Analysts are wary of certain sectors. Retail, hospitality and aviation will take some time to recover from the effect of Covid, says Jasani of HDFC Securities. These sectors had shown a strong recovery from the ebb of the first wave with business reaching nearly 70 percent of pre-Covid levels, but the second wave dented their prospects.
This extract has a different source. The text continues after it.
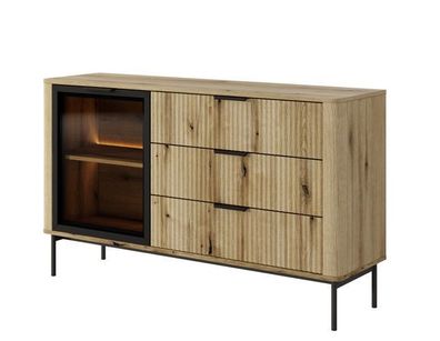 • Moderne Wilson D Kommode mit Glastür und LED-Beleuchtung – 138 cm, Evoke Eiche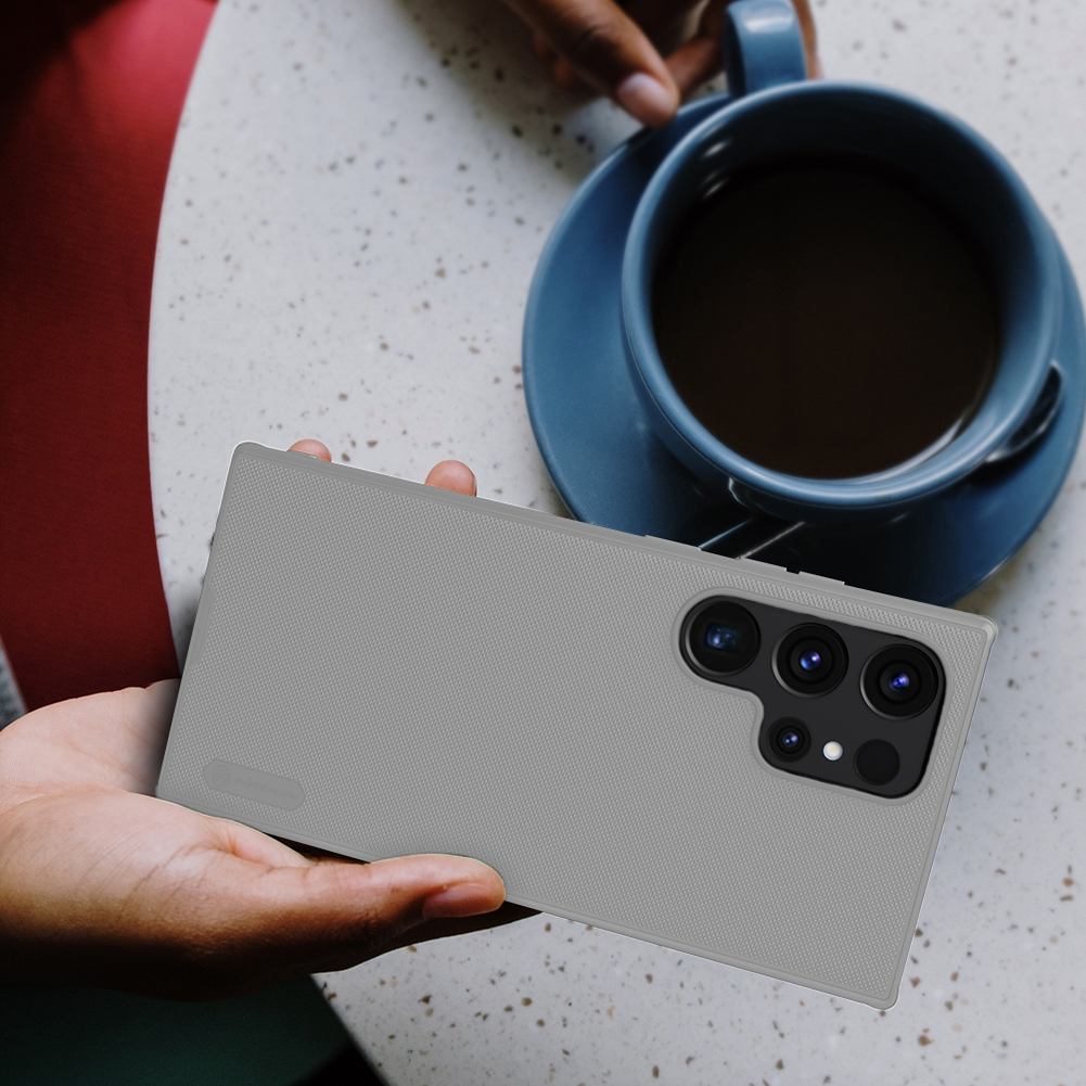Усиленный защитный чехол серого цвета (Titanium Gray) от Nillkin серии Super Frosted Shield для смартфона Samsung Galaxy S24 Ultra с усиленными боковыми рамками по четырем углам, изготавливается из экологичных материалов PC и TPU путем высокоточного литья под давление с высокой температурой.

Real estate is another area where we could see some uncertainty due to partial lockdowns, according to Garg of CapitalVia Global Research. Chaturvedi of Reliance Securities says the asset quality of banks and NBFCs with significant exposure to MSMEs, MFIs and unsecured loans could once again fall into a cloud. The BSE Bankex corrected 12.3 percent from the high, topping the 7.3 percent drop in the Sensex. Large-cap bank stocks, including HDFC Bank and ICICI Bank, with more diversified income streams corrected 10-14% from their 52-week highs, while lenders such as Bandhan, IndusInd and AU Small Finance, are more exposed to business loans. , utility vehicle loans, property loans and microfinance loans, are down 18 to 30 percent. Likewise, Mahindra & Mahindra Financial Services and L&T Finance Holdings – with a relatively higher share of vulnerable loans – fell by more than 25 percent. A report from Emkay Research estimates that for large banks such as ICICI, Axis, Kotak Mahindra, HDFC and SBI, achieving adjusted book value (ABV) will be a near non-event (
With the long-term economic outlook looking good, all sectors should win. But now is the right time to have a balanced portfolio of new economy and old economy sectors, as both should benefit, says Nair of LKP Securities. “In the short term, a few sectors like Financials could underperform due to the issue of NPA and FMCG / consumer goods due to high valuations,” he adds.
But growth opportunities will remain intact in sectors with good long-term prospects due to increased public spending and economic recovery.